# search & bold/underlined parts



## DearPrudence

Hello

No, I'm not even complaining but I've just noticed something & another forer@ insisted I should mention it in the comments so here it goes ... Maybe you already know it actually ...

I was looking for a thread the name of which I had forgotten but I remembered some sentences perfectly well. So I typed them but I got no results. I really thought the thread had been deleted until I finally found it & the sentences were still there!
In fact, apparently it didn't work because a part of the word was in bold letters:
"piaff*ait*"

So I have tried a bit & seen that apparently it doesn't work either with entire words, if some are in bold letters & some aren't:
"nous cherchons *qqn*"
doesn't list Maître Capello's answer.


Same with underlined parts.

With colour, I don't know, I haven't been able to test  *


That's it, not even complaining, just to let you know & for you to be understanding if we don't find threads that have already been discussed 

* yes, apparently, same thing with colours. Not easy to do some testing as the search function is ... er, not superfast :-D


----------



## Jana337

Right. One of the many quirks of the search engine. 
Use Google as often as you can.


----------



## jann

Hello DP, 

This is an interesting bug!  I believe it must be because the phrase that is actually recorded includes the format tags:

nous cherchons [b]qqn[/b] 

If you searched for this string including the formatting marks, you would find the thread you cite... just as you would if you searched for _nous cherchons "qqn"_ with the quotes only on qqn.

Jann


----------



## DearPrudence

Thanks Jann, it's what I thought 

And thank you, Jana for the tip. I never think of google.

It's funny because I tried to find the thread in the Other Languages forum where I had written "Est-ce que le ciel est bleu ?"

With google, typing:
"est-ce que" wordreference dearprudence
doesn't return what I'm looking for.

On the other hand, if I type
"est-ce que le ciel" with the search function, it doesn't work

But inverting all that, it works ... 

In short, quite a drag.
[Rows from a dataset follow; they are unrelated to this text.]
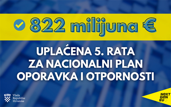 Hrvatska je iz europskog proračuna primila uplatu od 822 milijuna eura iz Mehanizma za oporavak i otpornost i time postala prva članica Europske unije kojoj je odobren zahtjev za isplatu pete rate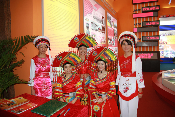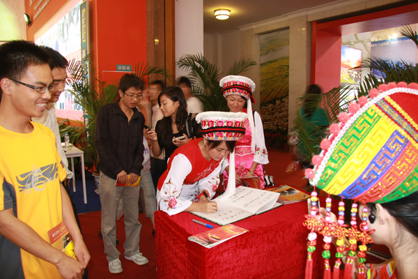 参观中,公司身着民族服装的两位白族同学李洁玉和李君成了一个亮点,所到之处参展观众纷纷与她们合影留念,争相了解白族民族习俗,对于大家的提问两位同学都一一解答,很好的展示和推广了民族文化。来自广西壮族自治区的同学在看了广西展厅后感慨万千,感受到家乡的繁荣昌盛与自身所肩负的重大使命。部分同学们在参观完后即兴在留言簿上留言祝福祖国60华诞,祝愿祖国繁荣昌盛,祝愿公司蒸蒸日上,祝愿yl6809永利明天更美好。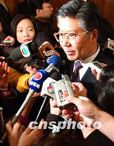再次出任衛(wèi)生部部長(zhǎng)的張文康十七日就非典型性肺炎回答港臺(tái)記者提問。作者:鄭萍萍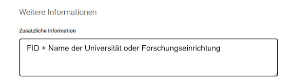 Im Feld „Bemerkungen“ die Zugehörigkeit zur Institution (FID + Name der Universität oder Forschungseinrichtung) angeben.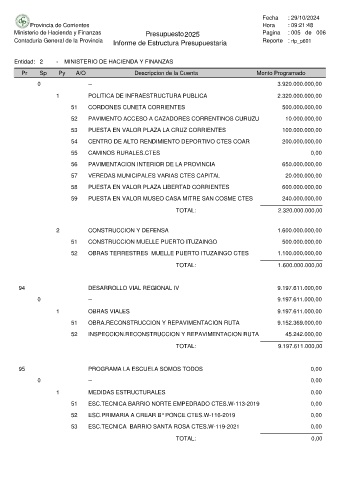 Ministerio de Hacienda y Finanzas Presupuesto 2025 Pagina : 005 de 006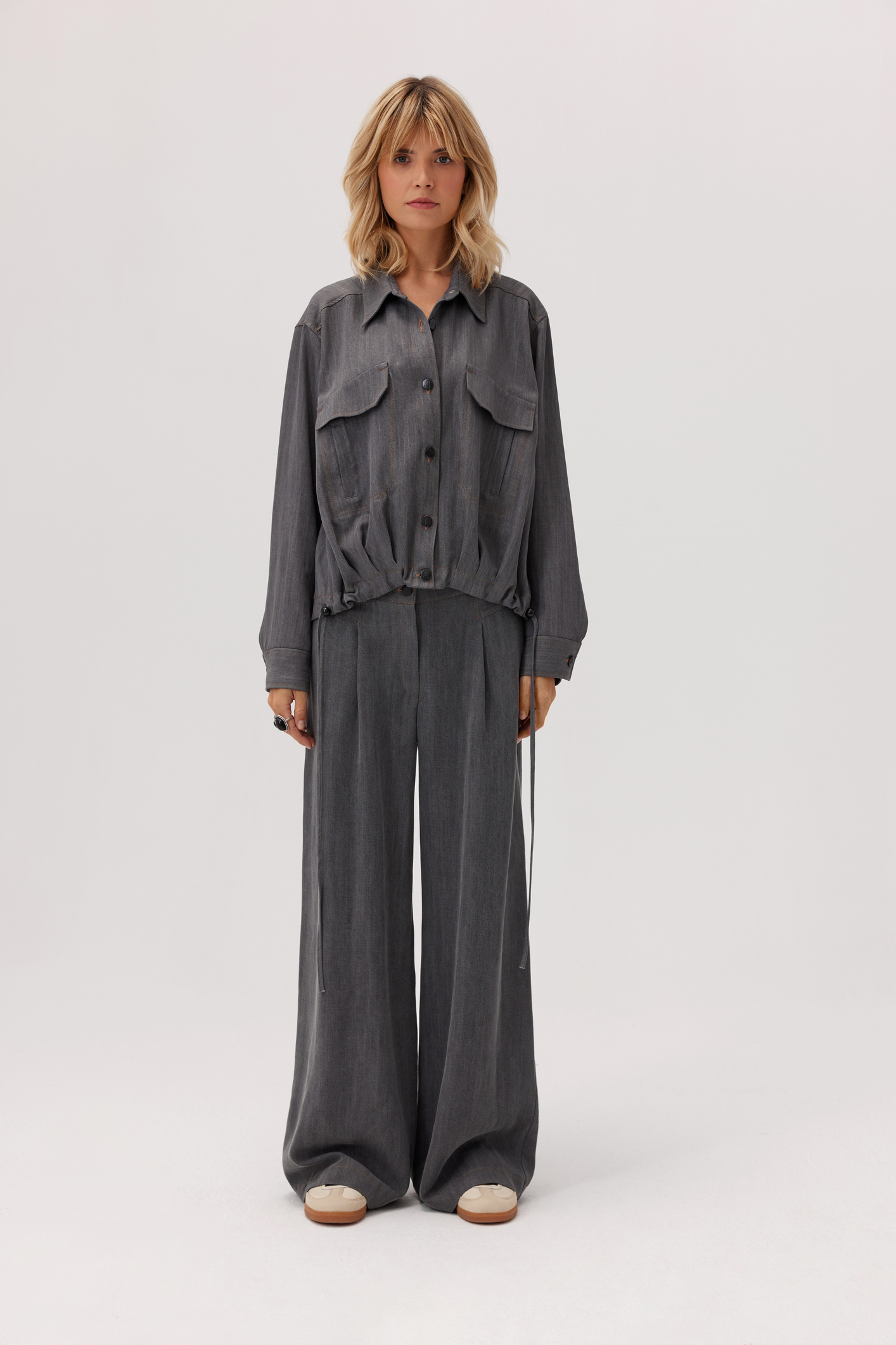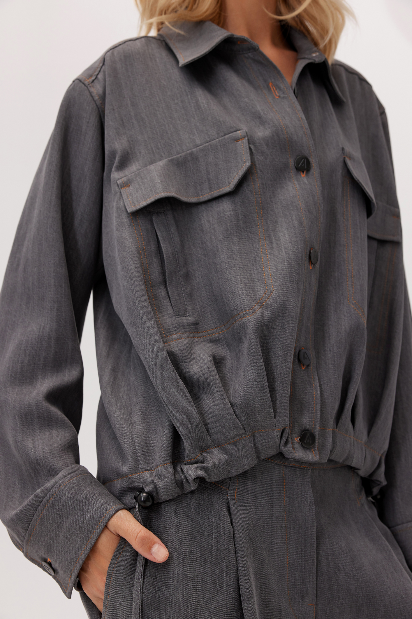 Sign up for our newsletter and get a 10% discount on your purchasesKoszula Storm wyróżnia się niepowtarzalnym, swobodnym fasonem i innowacyjnymi detalami. Wyjątkowo miękka tkanina przypomina denim lecz jest delikatniejsza i przyjemniejsza w dotyku. Regulacja obwodu w dolnej krawędzi pozwala na stylizację koszuli na różne sposoby – od luźnego po bardziej dopasowany look. Fantazyjne, duże kieszenie z klapami, wyraźne stebnowania oraz opuszczone ramiona nadają całości wyrazisty, nowoczesny charakter.

And here I know what I'm looking for exactly & who posted it.
So not really easy for advanced searches but I suppose we can do nothing about it ...


----------



## nichec

I always use "advanced search" these days.

So I typed (Egypt, nichec, EO), there came the thread I was looking for, but it was because the other poster had Egypt in his post (it was shown in red), but not mine. Why? Because in my post I had "Egypt", not Egypt!


----------



## Jana337

DearPrudence said:


> Thanks Jann, it's what I thought
> 
> And thank you, Jana for the tip. I never think of google.
> 
> It's funny because I tried to find the thread in the Other Languages forum where I had written "Est-ce que le ciel est bleu ?"
> 
> With google, typing:
> "est-ce que" wordreference dearprudence
> doesn't return what I'm looking for.


Click.


----------



## DearPrudence

nichec said:


> I always use "advanced search" these days.


Yes, I also use the advanced search but as I've said, let's imagine I have written "*est-ce que*" a zillion times in several forums, I type "*est-ce que le ciel*"  in the advanced search to narrow down the results, I don't get anything because of the underlined part.



Jana337 said:


> Click.


Thank you, Jana 
I didn't know it worked simply adding site:wordreference.com

Ah la la, it's not easy when you remember too many things & want to locate a thread you vaguely remember but not precisely enough to find it


----------



## Jana337

DearPrudence said:


> Thank you, Jana
> I didn't know it worked simply adding site:wordreference.com
> 
> Ah la la, it's not easy when you remember too many things & want to locate a thread you vaguely remember but not precisely enough to find it


Homework.


----------



## DearPrudence

Jana337 said:


> Homework.


("And leave me alone, now!" )
Thanks again, Jana. The search function & I have never been great friends ...


----------